The first stage of Brisbane’s Cultural Centre station transformation is complete, with the busy precinct being redesigned ahead of the introduction of Brisbane Metro, Brisbane City Council announced today.
Lord Mayor, Adrian Schrinner said the recommencement of bus services from the upgraded Platform 1 marked a significant milestone for the game-changing Brisbane Metro project.
“The upgraded Cultural Centre station will be more than just a transport hub, it will be an entirely new precinct,” Lord Mayor Schrinner said.
“Brisbane is Australia’s fastest growing capital city with significant population growth so we must deliver new public transport to keep our city moving and reduce congestion.”
More than two-thirds of public transport trips in Brisbane are taken on the bus network, with almost 65 million bus trips taken in Brisbane in the past financial year.
“The turn-up-and-go, fully-electric Brisbane Metro project will make commuting far more convenient, particularly during peak times,” said the Lord Mayor.
“With connections at 18 stations the Brisbane Metro will cater for our growing city and create capacity for an additional 30 million passengers by 2031.
“More than 10,000 people catch a bus to or from the Cultural Centre every day and this redesign will improve the bus network, increase capacity at the station, and deliver better connections into the adjoining arts and cultural precinct.”
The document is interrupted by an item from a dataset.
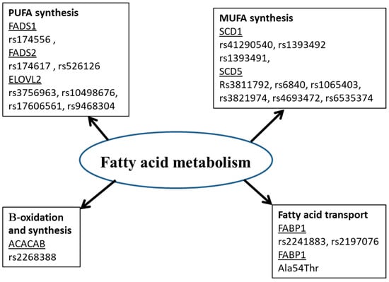 Polymorphisms of genes for proteins involved in fatty acid metabolism. ACACB: Acetyl-coenzyme A carboxylase, ELOVL: Elongase, FADS: Fatty Acid Desaturase, FABP: Fatty Acid Binding Protein, MUFA: monounsaturated fatty acids, PUFA: polyunsaturated fatty acids, SCD: stearoyl Co A desaturase.

Platform 1 is the first of three platforms being upgraded at the Cultural Centre. The completed stage 1 works included removing of an old platform, relocating under-road services, and building a new platform. Temporary platforms have been used to keep the station open during construction.
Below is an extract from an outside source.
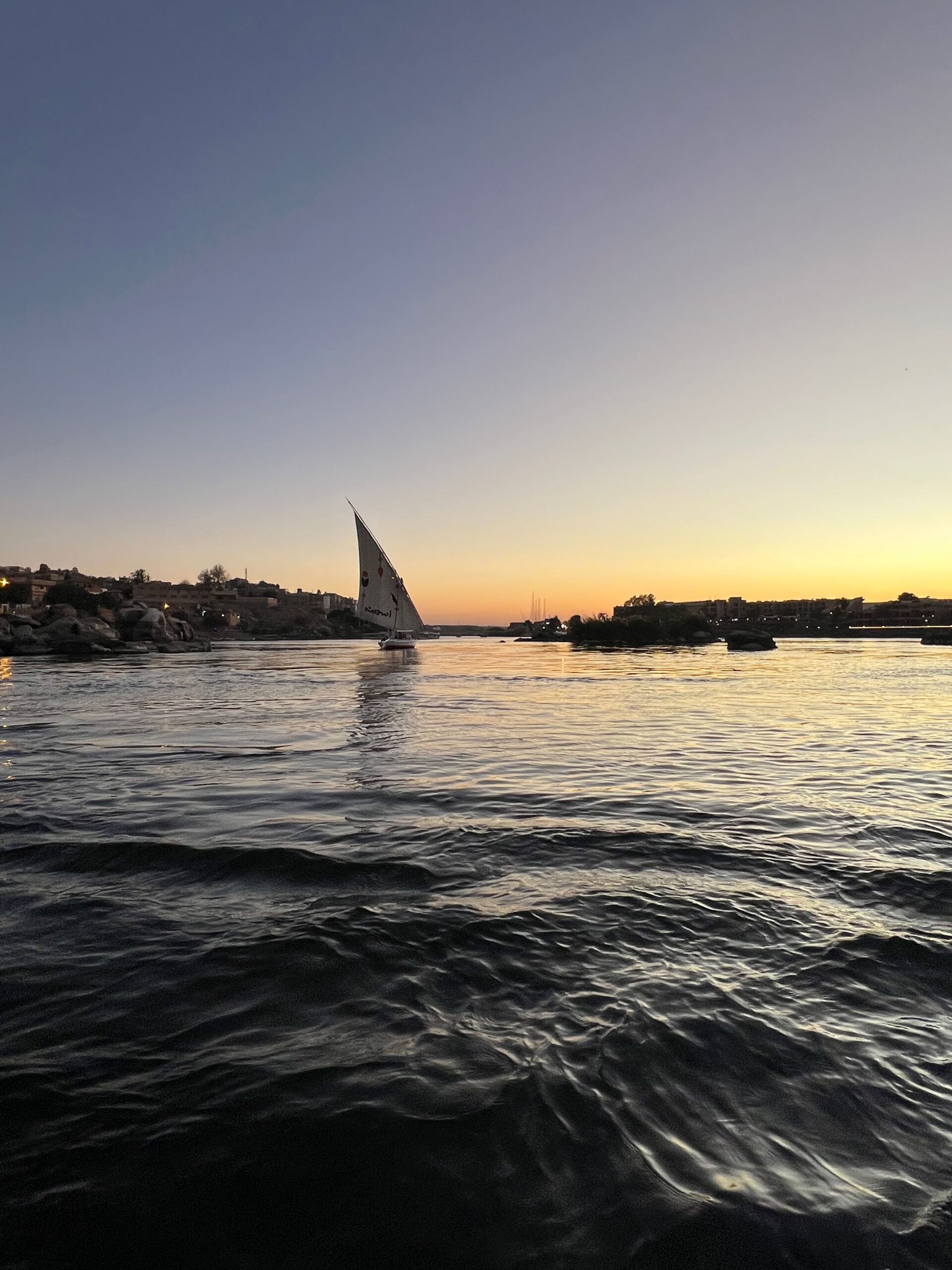The Magic of the Nile at Sunset: Sailing on the Nile during sunset was a peaceful, unforgettable experience. The sky turned orange and pink as we drifted along the calm waters. The landscape seemed to glow in the evening light, with palm trees and distant hills silhouetted against the setting sun.

The transformation of Cultural Centre station will continue into 2024, with future works to include the construction of platforms 2 and 3, upgraded station lifts, new intersection crossings, a bicycle and e-mobility path, upgraded footpaths and tree planting.
The $1.4 billion Brisbane Metro will deliver a 21-kilometre service, upgraded stations, new tunnel under Adelaide Street, new depot at Rochedale and 60 new fully-electric vehicles. This does not include the proposed new Woolloongabba busway station which is a separate project being delivered by the State Government at a later stage.
Lord Mayor Schrinner said that in addition to the construction at Cultural Centre station, there were works at more than 10 locations across the city to deliver the infrastructure needed for the turn-up-and-go, fully-electric service.
“There are ongoing works at the Metro depot at Rochedale, as well as Buranda, UQ Lakes and RBWH stations to increase accessibility and capacity at our city and suburban busway stations, as we get ready to implement services next year,” he said.
“As our city continues to grow, it’s essential we make public transport a more attractive option for residents and visitors by making it easier to get to the places people they love.”
Civic Cabinet Chair for Transport, Councillor Ryan Murphy said that as works continued at the Cultural Centre the free South Brisbane Loop trial would be extended for six months to mid-2024.
“The free service launched in January making it easy for people to get to destinations around South Brisbane, including South Bank Parklands, the State Library, QPAC and the Montague Markets.”
“From 18 September the South Brisbane Loop will start service earlier in the day, with the first service to start at 7am Monday to Friday, and 8am on weekends,” said Cr Murphpy.